La literatura sapiencial se caracteriza por partir de la experiencia y de la


reflexión humana. La sabiduría ha sido definida como “oferta de sensatez”
(L. Alonso Schökel): unas enseñanzas que se ofrecen para caminar por la vida
de forma prudente y tener éxito, basándose en las experiencias de los que
nos han precedido por ese mismo camino (lo contrario de la sabiduría es la
necedad o la locura).

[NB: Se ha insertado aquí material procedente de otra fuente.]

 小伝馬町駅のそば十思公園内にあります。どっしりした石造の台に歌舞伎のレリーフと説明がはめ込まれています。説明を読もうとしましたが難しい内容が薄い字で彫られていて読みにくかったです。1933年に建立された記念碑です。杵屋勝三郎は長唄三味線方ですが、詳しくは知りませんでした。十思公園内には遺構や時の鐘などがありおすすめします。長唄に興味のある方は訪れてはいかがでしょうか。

En contexto bíblico (y semita en general), ser sabio no
es tanto conocer muchas cosas cuanto saber por experiencia. (Por eso, por
una parte, son los ancianos los que son considerados como sabios, y, por
otra, el verbo “conocer” en hebreo es yadá, el mismo que se emplea para
designar las relaciones sexuales.) No es una casualidad que “saber” y “sabor”

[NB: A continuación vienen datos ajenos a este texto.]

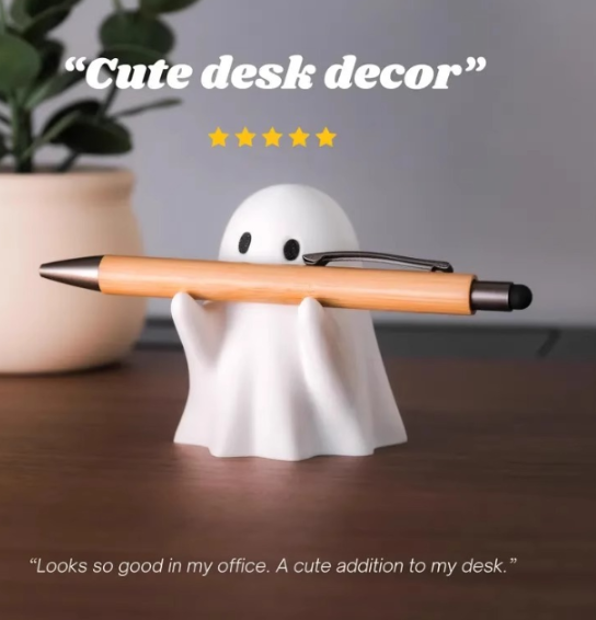 Cute Design: Adorable ghost-themed pen holder with various playful poses.

sean términos emparentados.

En cuanto a su forma literaria, la literatura sapiencial destaca por el empleo


del masal, una forma literaria diversa que incluye desde el refrán o el
proverbio hasta el poema didáctico o el numérico, el acertijo, etc. Por lo que
respecta a sus temas, son universales: el mal, el sufrimiento, la felicidad, el
sentido de la vida, etc. ¿Y Dios? Para la sabiduría, Dios está más acá y más
allá de la sabiduría humana, es su principio y su límite.